We propose TGCNN model, which is a generative architecture that takes in a 3-channel input RGB image and generates pixel-wise grasps in the form of two images. The 3-channel RGB image is passed through convolutional layers, residual layers and convolution transpose layers to generate two images.
It is difficult to collect and annotate dataset manually, especially for transparent objects. On the one hand, changes in lighting and background can cause significant changes in the appearance of transparent objects, which are sometimes difficult for even people to discern. on the other hand, it is difficult to obtain a large number of scenes in reality that include background and lighting changes.
To address this problem, a synthetic transparent objects multi-background grasping dataset containing 12,000 images is made, which is named SimTrans12K. SimTrans12K contains 6 types of objects and 2,000 different scenes, among which different scenes are obtained by intercepting movie frames.
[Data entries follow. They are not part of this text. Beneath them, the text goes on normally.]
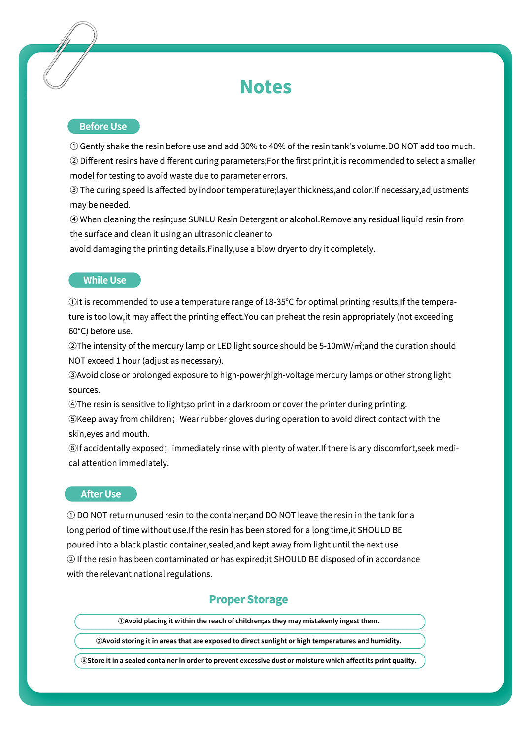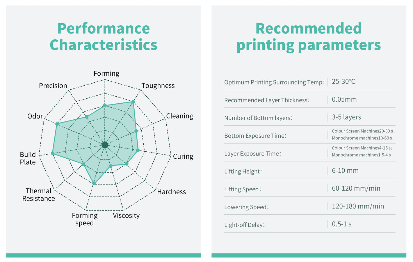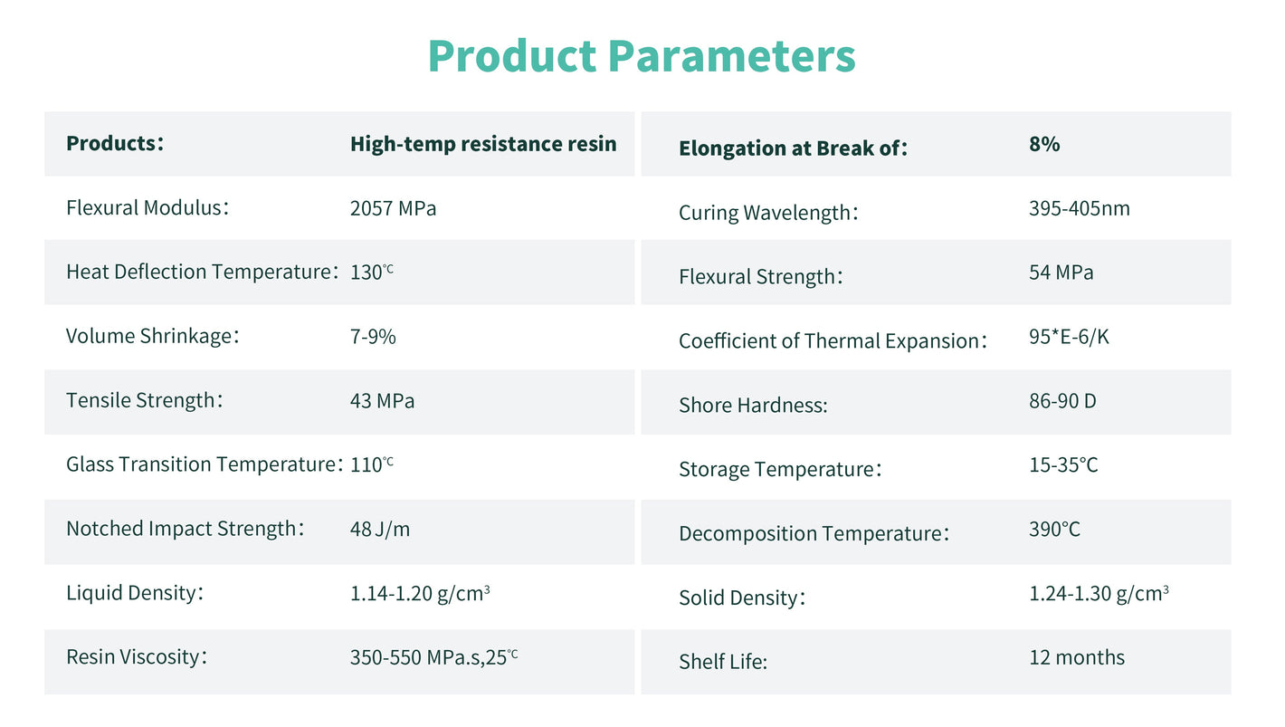 Gute Temperaturbeständigkeit: Es kann bis zu 180℃/15 Minuten, 150℃/1 Stunde und 80℃/7 Tage widerstehen. Gedruckte Modelle besitzen eine hohe thermische Stabilität, die Rissbildung und Verformung bei hohen Temperaturen verhindert.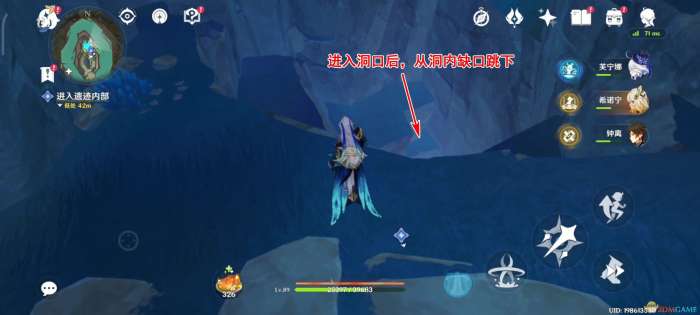 3、从洞窟的位置下去,在如下图所示位置向下跳即可进入任务地点。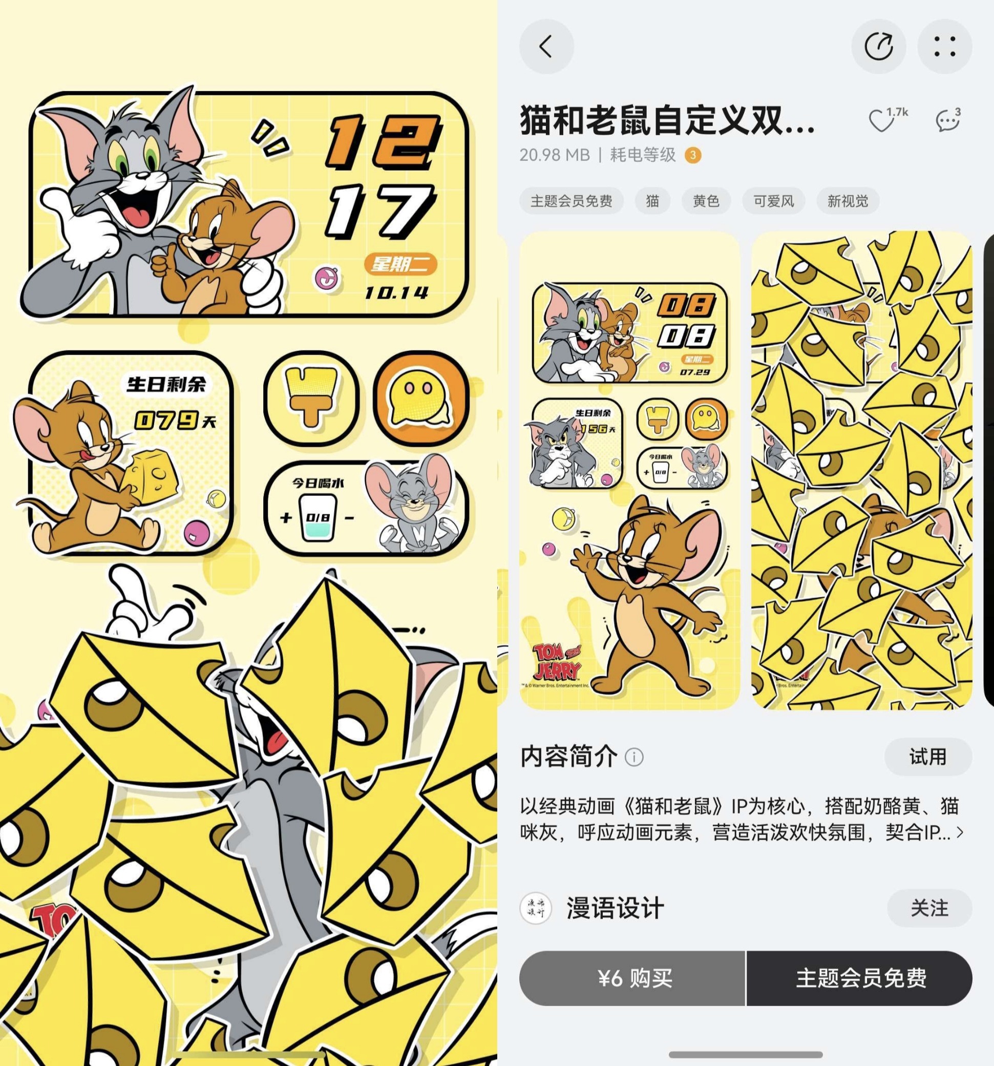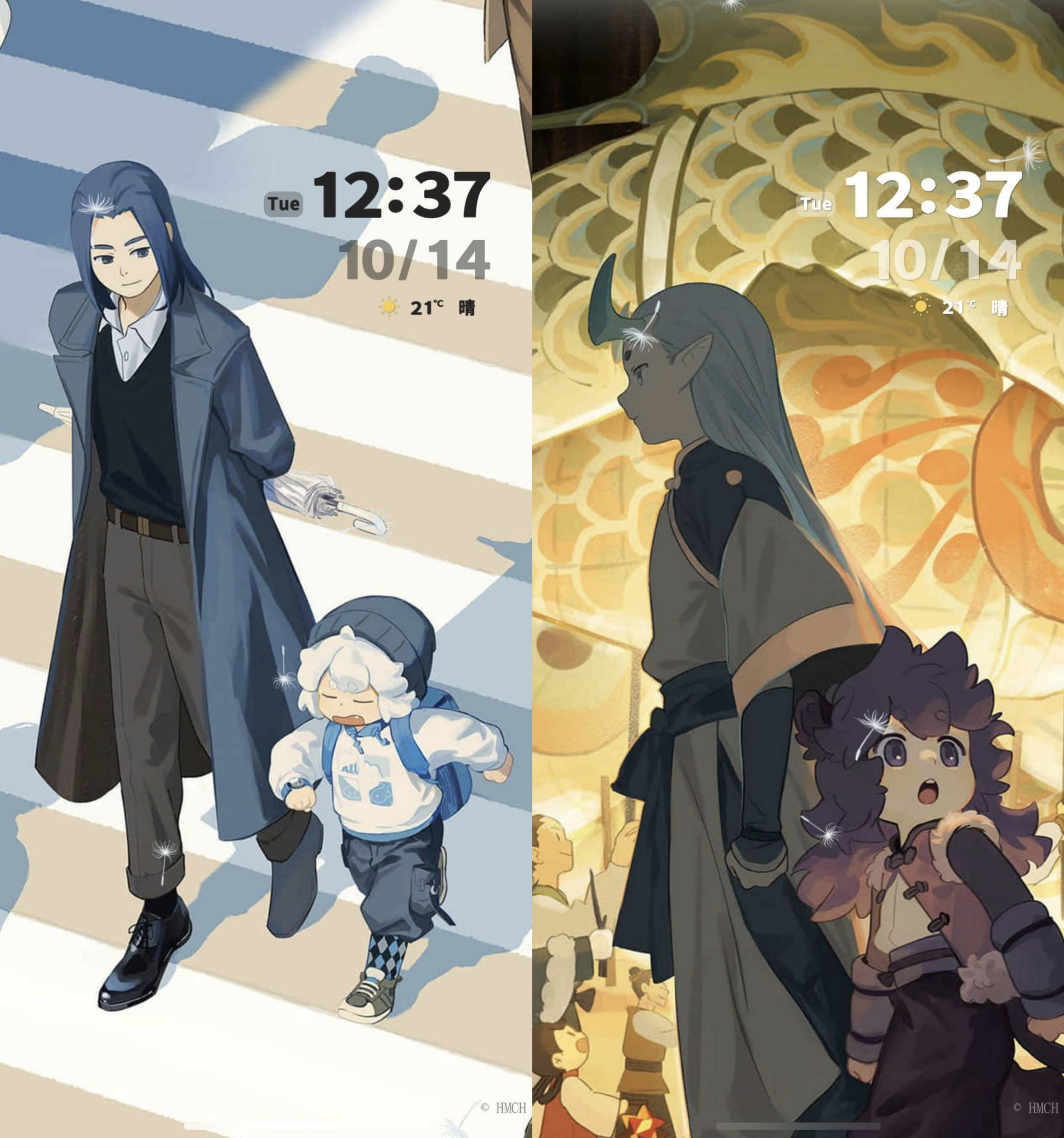感觉氛围渐入佳境,原来高冷男神也喜欢动画!我翻出罗小黑并肩同行主题给他看:晃一下手机,小黑和无限就变成了虚淮和风息。双击屏幕还能调出组件栏,每个图标都可爱的不行。他掏出自己的手机说“我也要用同款”,还跟我讨教怎么把主题的百变卡片混搭,用猫和老鼠的锁屏画面,配罗小黑的百变卡片,桌面瞬间变的有趣又好看。

In order to verify the detection effect in real scenes, we added 110 transparent objects with different backgrounds and 50 transparent objects with different brightnesses, each image contains 5-6 labels, totaling about 900 labels.
In the data set we published, in order to facilitate subsequent custom processing, we classified and placed the data of each object in the following format:
├─Synthetic dataset
│ ├─cup1
│ │ ├─anno_mask
│ │ ├─center
│ │ └─rgb
│ ├─cup2
│ │ ├─anno_mask
│ │ ├─center
│ │ └─rgb
│ ├─cup3
│ │ ├─anno_mask
│ │ ├─center
│ │ └─rgb
│ ├─cup4
│ │ ├─anno_mask
│ │ ├─center
│ │ └─rgb
│ ├─cup5
│ │ ├─anno_mask
│ │ ├─center
│ │ └─rgb
│ └─cup6
│ ├─anno_mask
│ ├─center
│ └─rgb
│
├─Real dataset
│ ├─Different backgrounds
│ ├─Different brightnesses
In order to use our proposed network for training, the data needs to be reorganized into the following format:
.
├── test
│ ├── anno_mask
│ ├── center
│ └── rgb
└── train
├── anno_mask
├── center
└── rgb
By dividing different data sets, different tasks can be designed.
- imageio
- numpy
- opencv-python
- matplotlib
- scikit-image
- torch
- torchvision
- torchsummary
- tensorboardX
- Pillow
You can use the train_network.py file for network training.
Example for training:
python train_network.py --dataset-path <Path To Dataset>
After the training is complete, you can see the results of the training under the Logs folder.